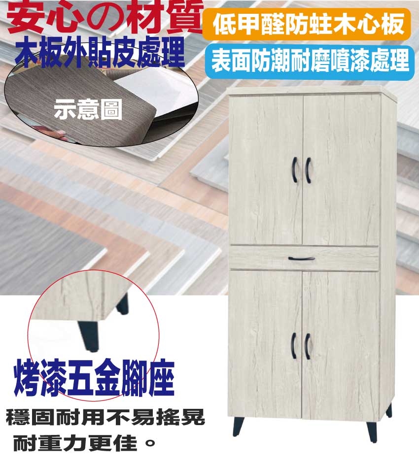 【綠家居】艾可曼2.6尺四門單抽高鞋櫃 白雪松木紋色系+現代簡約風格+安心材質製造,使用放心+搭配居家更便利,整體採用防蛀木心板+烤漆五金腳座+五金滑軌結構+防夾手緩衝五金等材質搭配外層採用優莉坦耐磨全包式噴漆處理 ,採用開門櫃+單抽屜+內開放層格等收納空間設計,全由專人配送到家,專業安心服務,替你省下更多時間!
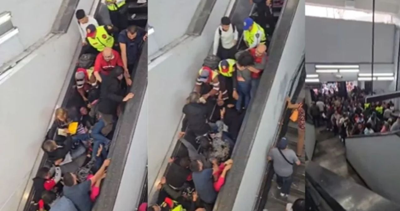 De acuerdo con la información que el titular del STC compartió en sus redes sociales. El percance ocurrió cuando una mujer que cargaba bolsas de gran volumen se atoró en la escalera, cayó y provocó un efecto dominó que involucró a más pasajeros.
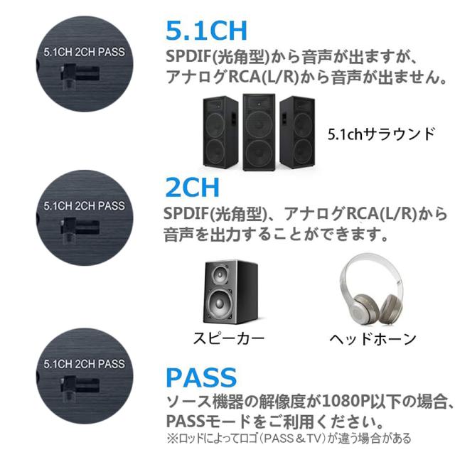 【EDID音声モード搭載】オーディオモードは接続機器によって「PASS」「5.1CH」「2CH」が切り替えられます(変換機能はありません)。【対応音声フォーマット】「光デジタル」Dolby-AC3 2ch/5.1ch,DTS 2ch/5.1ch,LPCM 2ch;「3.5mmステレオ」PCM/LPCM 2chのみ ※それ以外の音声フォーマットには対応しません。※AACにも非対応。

====================

WORK ORDER: The data needs to be reproduced exactly, please, apart from its pictures.

EXERCISE SOLUTION:
 【綠家居】艾可曼2.6尺四門單抽高鞋櫃 白雪松木紋色系+現代簡約風格+安心材質製造,使用放心+搭配居家更便利,整體採用防蛀木心板+烤漆五金腳座+五金滑軌結構+防夾手緩衝五金等材質搭配外層採用優莉坦耐磨全包式噴漆處理 ,採用開門櫃+單抽屜+內開放層格等收納空間設計,全由專人配送到家,專業安心服務,替你省下更多時間!
 De acuerdo con la información que el titular del STC compartió en sus redes sociales. El percance ocurrió cuando una mujer que cargaba bolsas de gran volumen se atoró en la escalera, cayó y provocó un efecto dominó que involucró a más pasajeros.
 【EDID音声モード搭載】オーディオモードは接続機器によって「PASS」「5.1CH」「2CH」が切り替えられます(変換機能はありません)。【対応音声フォーマット】「光デジタル」Dolby-AC3 2ch/5.1ch,DTS 2ch/5.1ch,LPCM 2ch;「3.5mmステレオ」PCM/LPCM 2chのみ ※それ以外の音声フォーマットには対応しません。※AACにも非対応。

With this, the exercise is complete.